As it is past midnight, it is now Thanksgiving Day.
I have had conflicting emotions leading up to today for quite some time now. It's the first major holiday where the kids and I are without their dad. Earlier today, I was having flashbacks to last year, and how wretched it started, and suddenly, for a while, I didn't miss him anymore. I prayed that my children don't remember times like those, and was thankful that this year we will not experience a beginning of the day like that.
But, still, I go back and forth.
Last Sunday, in church, our pastor spoke on being intentionally thankful.
We were challenged under the call of this verse (pictured above) to be thankful in all circumstances, for even in the worst, there's something to give thanks for. We were challenged to make a list of 100 things we are thankful for (this is my evening project later today), but to also practice intentional thankfulness for 40 days (up to the new year).
As I wrote a few days ago, I have been walking through a valley. Knowing that, I gladly accepted this challenge. I am now four days in, and I already feel a shift. I am not on a peak yet, but I am getting there.
This year, through the sadness and heartache and the lingering fear that I may burst into tears at a friends house over dinner, I know I have much to be thankful for in this valley.
I am thankful for the valley, for I know that in the valleys, we draw nearer to God. We are humbled and broken and rebuilt in strength, hope, and faith. We grow in patience. We become resilient.
I am thankful for our neediness. Yes, it is a struggle to live paycheck to paycheck, with sick children keeping me from work many days, but in our neediness, I find true friendships, humility again, and the boundless grace of God's provision.
I am thankful for sadness, as it reminds me that my heart has not become calloused, and I can still love and care deeply.
I am thankful for exhaustion, because it's a reminder that I have three children who love and need me enough at all hours of the day, and that I have a job to provide for these children. Consequently, I am thankful for sleep, even if it's only a couple hours at a time.

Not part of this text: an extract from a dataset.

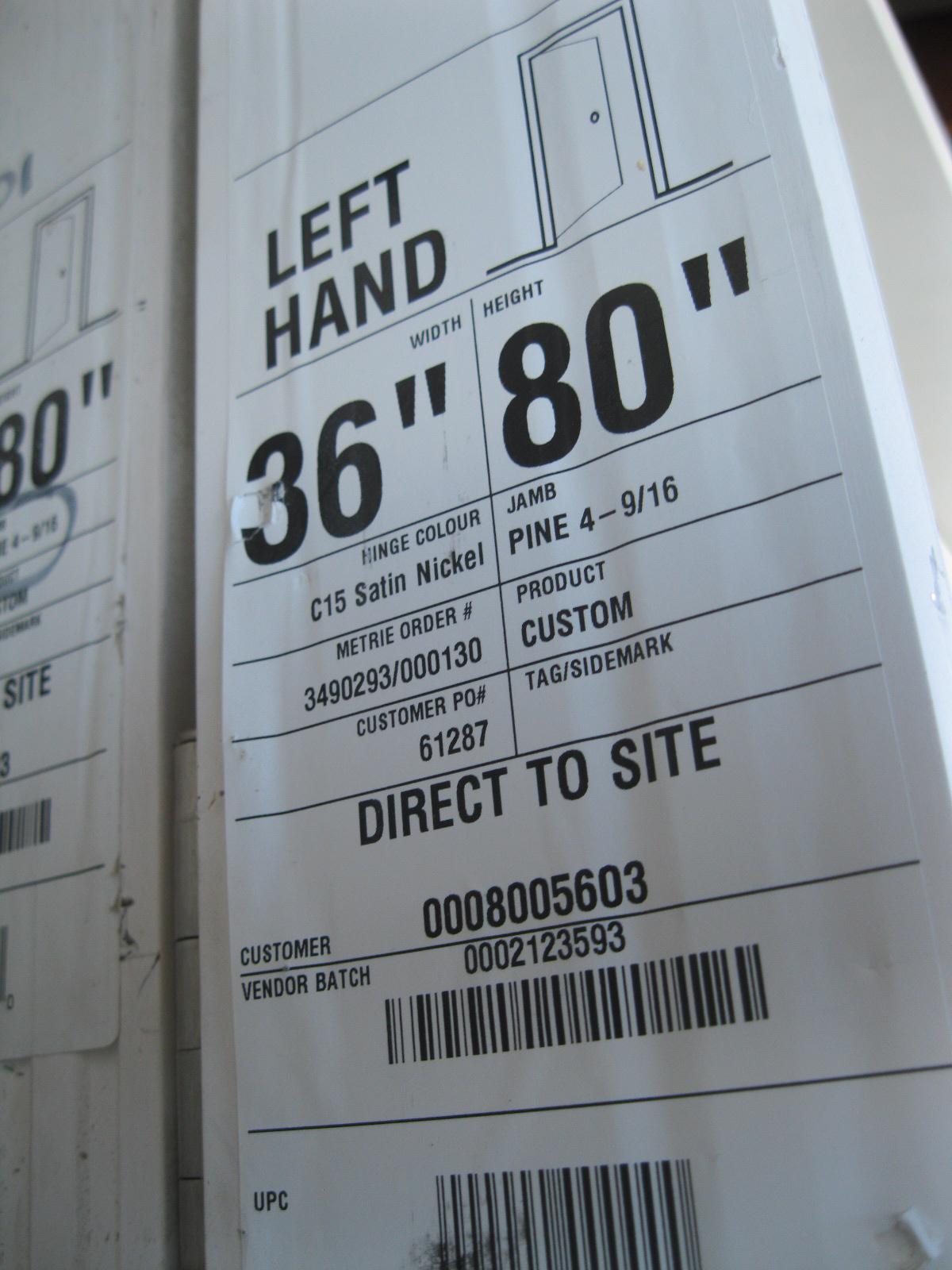 Lot 1116 36" X 80" LEFT HAND INTERIOR DOOR W/FRAME

I am thankful for struggles. They are showing me my strength, and showing me God's never-failing love and companionship, and He keeps reminding me of these things, often through the words of others, because sometimes I just can't hear His voice on my own.
I am thankful for this continued and recently increased wrist pain, as it reminds me to take it easy on myself sometimes, and that it is okay to relax. It also has taught me resourcefulness and ingenuity.
I am thankful for this lingering fever, because it's a sign my body is still doing its job to fight off the many illnesses I come in contact with throughout the week, and that I am fortunate that nothing has taken me down.
I am thankful for the huge mess the children have strewn throughout the apartment, as it is evidence that they have enough clothing to keep them warm, and a vast collection of treasured items they are excited to play with day after day.
I am excited for a slippery wet, flooded bathroom floor. It shows me that I have taken control of utilities myself and we have warm, running water every day for the kids to splash around in.
I am thankful for stubborn children and mischief, because they keep me growing, learning, and they are mine, even though I was told I may never have them.
I am thankful for more "typical" things too, of course.
But this year, I feel like they hear more weight than years before. I'm thankful for a home, knowing now what it was like to be without one. I am thankful for food and the ability to feed my children. I am thankful for a job, even though it meant giving up my life of staying home raising my children. I am thankful for friendships, while some have faded away, others have strengthened, and new, beautiful blessed ones have formed.
I am thankful for family, both blood family and "adopted" family. Family has anyways bean important to me and this past year has been rough on some levels. There have been family I thought would always be there regardless who have faded off to the distance, but the majority, especially my mom(s), sisters, and brothers, have poured out their love in countless ways.
I could go on and on, I know.
I am thankful. I am blessed.
I hope you all can see the same is true for your own lives.